Les escapades hawaïennes de Jared Betts

Pour sa toute nouvelle exposition, Jared Betts s’est inspiré des paysages d’Hawaï. Oeuvres aux couleurs éclatantes et au style éclaté, cette série de l’artiste-peintre de Moncton marie fantaisie, culture populaire contemporaine et expressionnisme abstrait.

L’exposition Honolulu Escapism qui est présentée à la galerie du Théâtre Capitol, à Moncton, jusqu’au 24 avril, prend son envol officiellement le mercredi 11 mars. Sept toiles composent cette nouvelle collection de Jared Betts, reconnu pour ses peintures aux couleurs riches et brillantes. Il a peint ces œuvres au début de l’hiver après avoir fait un voyage à Hawaï en décembre. Comme l’hiver canadien est rude et long et parfois difficile pour l’inspiration du créateur, il a eu envie de se plonger dans un nouvel environnement. Il n’était jamais allé à Hawaï.

«Je voulais juste sentir l’énergie de l’endroit et j’ai toujours aimé la jungle et les palmiers. Je suis allé là-bas pour avoir de l’inspiration pour cette nouvelle série parce que je trouve que l’hiver est difficile. J’ai vu tellement de belles couleurs et c’est très inspirant. Quand je suis revenu, je me suis lancé dans la création», a raconté l’artiste.

Avec cette nouvelle collection, il s’est véritablement laissé aller dans la création en offrant des œuvres qu’il qualifie de plus libres tant dans la gestuelle que dans la composition. On reconnaît certains motifs comme celui du palmier ou encore des illustrations inspirées de dessins animés, mais dans l’ensemble, il s’est laissé guider par les émotions.

«J’ai utilisé différentes brosses et techniques pour appliquer et verser la peinture sur la toile.»

Il a toujours aimé explorer la fantaisie en allant au-delà des frontières et en mixant divers genres, telles que l’illustration et la peinture abstraite afin de brasser les idées et les courants. L’utilisation des couleurs néon font partie aussi de la singularité de son travail. Celui-ci précise que ce type de couleurs étaient peu utilisé dans l’expressionnisme abstrait des années 1950 et 1960.

«C’est vraiment inspiré par le mouvement expressionniste abstrait de ces années, mais ça représente notre époque avec les dessins animés et les couleurs néon.»
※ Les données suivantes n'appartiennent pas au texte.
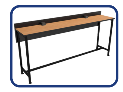
72" Powered Dining Counter
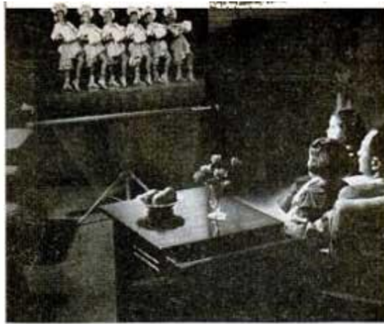
Image is thrown onto an external screen by the Ansley Tele-Movie®. Optical system is similar to unit shown below. Set costs $795.

The projector is a modification of the Schmidt-type optical system. Most of the receivers in which it will be used will employ 12- by 16-inch viewing screens in the cabinet; a few will use the projector to throw a three- by four-foot image onto an external screen.
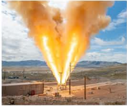
Successful Orion Abort Motor Test (Utah)
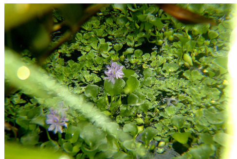
Singapore.
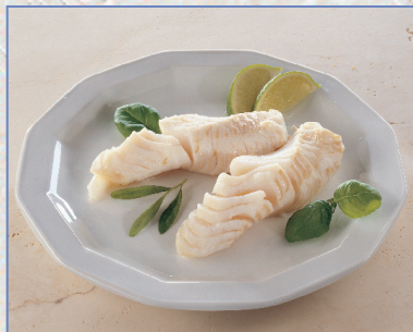
Unbreaded cod loins, TO4000: 100-130 g, 5,00 kg/crt.
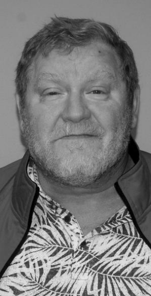
"I probably will pass out goodies to the trick-or-treaters." — Mike Rowe

Celui qui a présenté des expositions au Canada, à l’étranger et à travers la province, notamment à la Galerie Beaverbrook, a été invité à prendre part à une résidence de création à Taipei à Taïwan à la fin de l’année 2020. Ce sera une toute nouvelle destination pour l’artiste qui a déjà participé à des résidences en Islande, au Costa Rica, dans les Îles Vierges et en Irlande. Très influencé par la culture asiatique, il compte sur cette nouvelle résidence pour regarnir son cahier de croquis.

«J’ai postulé pour la résidence et j’ai été accepté et il accepte seulement deux personnes sur des candidatures de partout à travers le monde. C’est incroyable et excitant d’avoir cette chance. Je veux surtout avoir un recul des distractions quotidiennes. Une résidence, c’est toujours une expérience fantastique parce qu’on est dans un endroit nouveau où on ne connaît personne et on peut s’adonner vraiment à notre art.»

Il été invité par le Tesa Creative Center for the Arts situé dans la nouvelle ville de Taipei.

«C’est un centre construit par un sculpteur alors juste l’édifice en lui-même est incroyable.»

Son exposition Honolulu Escapism est présentée jusqu’au 24 avril. Le vernissage se tient ce mercredi 11 mars dans le cadre d’un 5 à 7.

Jared Betts a d’autres expositions de prévues au cours des prochains moins, dont une à la Gallery On Queen à Fredericton et à Annapolis Royal en Nouvelle-Écosse.